Случай на постоялом дворе. Сергей Дмитриевич Юров
вернул ключ Придорогину и напоил Митрофана малиновым чаем. Затем присел к столу и раскурил свою пенковую трубку.
«Кто предъявит права на бричку? – думал он, посматривая сквозь пелену дыма на игроков. – Начитанный потомок подъячих со своей женушкой? Рыжий с плотно сжатым, как захлопнувшийся капкан, ртом и зелеными глазками-буравчиками?.. Придорогин?.. Братья?.. Добротный экипаж больше подходит первым, он как-то не вяжется с усманским молчуном, купцом и борисоглебцами. Неужели семейная парочка пошла на страшный грех?! Не знаю… Так или иначе, кто-то из сидящих здесь людей, лишив жизни женщину, отхватил у нее топором руку!.. Канцеляристшу исключаем, не верится, чтобы это сделала она. Кто же из этих? Кто?.. Кому вздумалось присвоить подобным зверским способом обручальное кольцо и перстенек с сапфиром?»
– Как там ваш человек, вашбродь? – спросил Захар, громко шмыгнув длинным носом. – Однова и меня скрутила горячка, думал – помру. Квасу ледяного черт дернул хлебнуть после разгрузки товара. Болезнь так скрутила, что чудом выжил. Хотели уж попа звать, соборовать.
– Надеюсь, поправится, всегда был здоровым парнем. Как-то, лет пять тому будет, тоже свалился с горячкой, но скоро поправился.

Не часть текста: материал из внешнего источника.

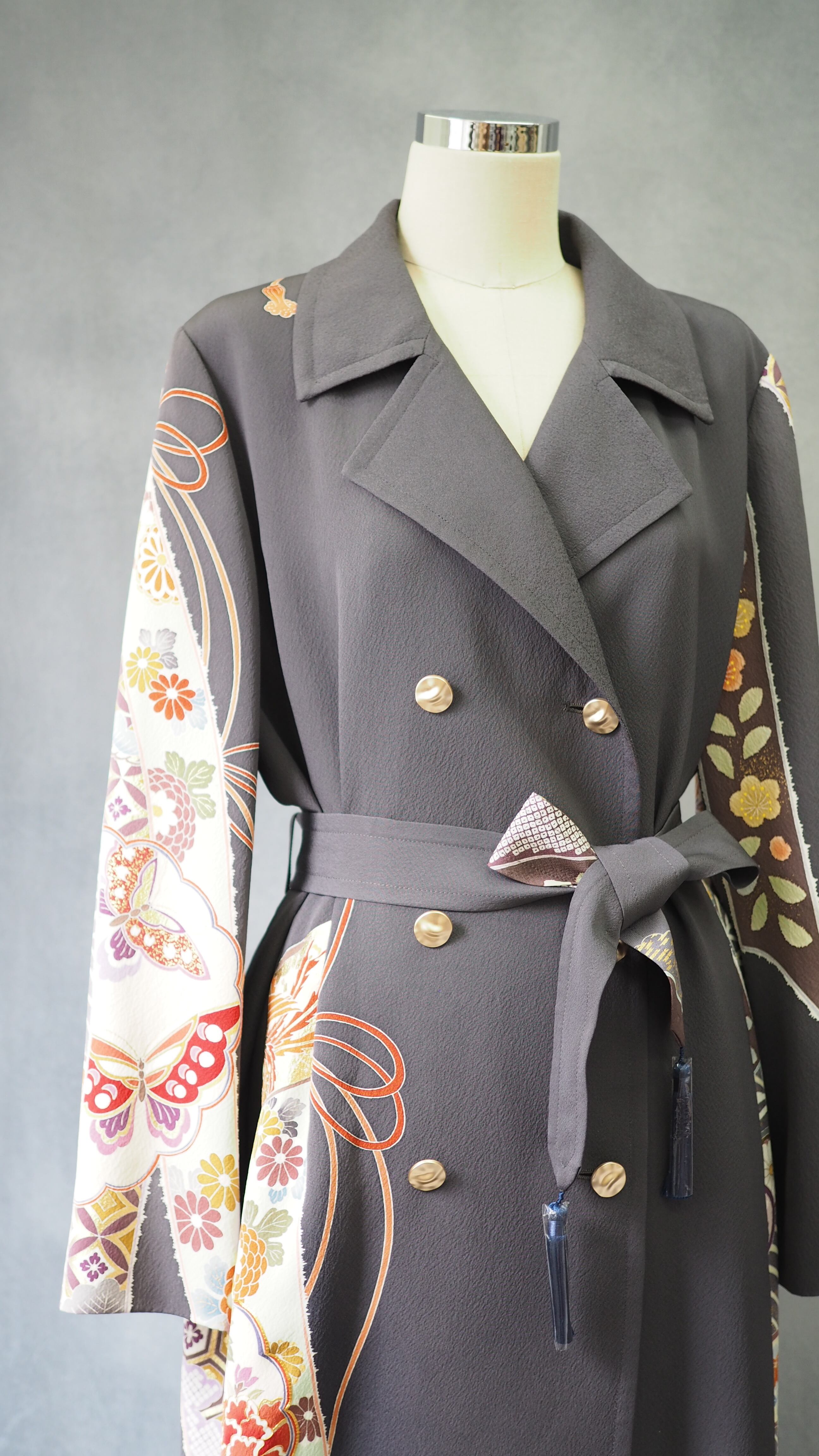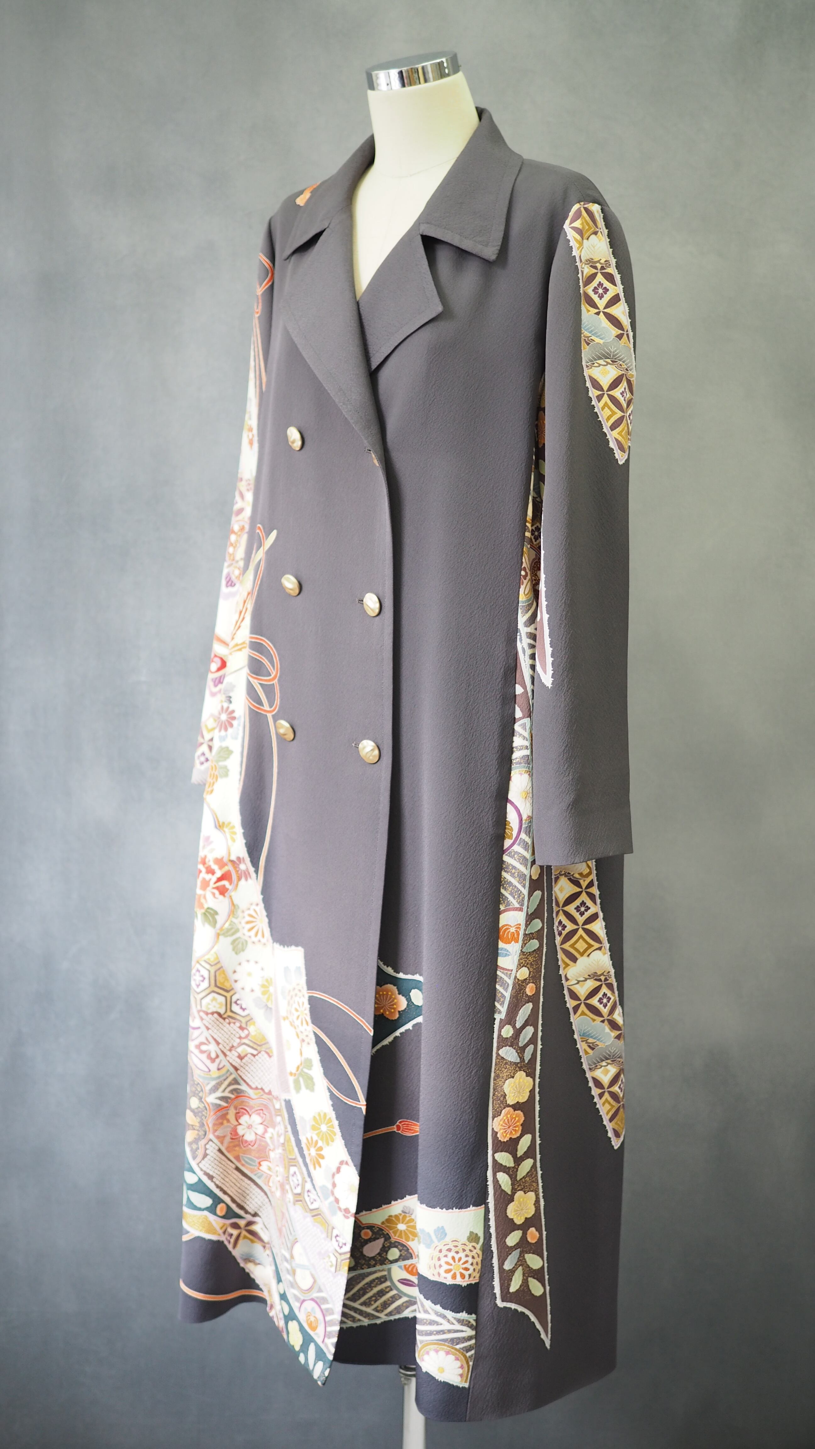 格式高いダブルブレストデザインで、着物の美しい柄が際立つエレガントなロングコート。

– Ну да, чего раньше времени скисать-то! Это последнее дело… Вот у меня старший брат, женился, дурень, на сущей вертихвостке, которая ему, сказать по совести, изменять стала едва ли не со свадьбы. Она ему рога наставляет, а у него только вздохи. Сон потерял, исхудал, смотреть противно. Взял бы, да отлупил ее, как положено, ремнем вдоль спины и ниже. Шелковой бы сделалась, забыла бы про свои амуры… Не могу, мычит, оченно люба мне Параська, обидится…
– Хватит, балабол! – перебил купец словоохотливого работника, выпустив клуб дыма изо рта. – Брата приплел, его жизнь, пусть и разбирается… Вашбродь, кучер ваш в бреду что-то про Тамбов бормотал. Вы что ж, прямиком из губернской столицы?
– Да, пришлось съездить туда по делам.
– И не побоялись? Там, бают, холера!
– Она пошла на убыль, зима, как видишь, на дворе.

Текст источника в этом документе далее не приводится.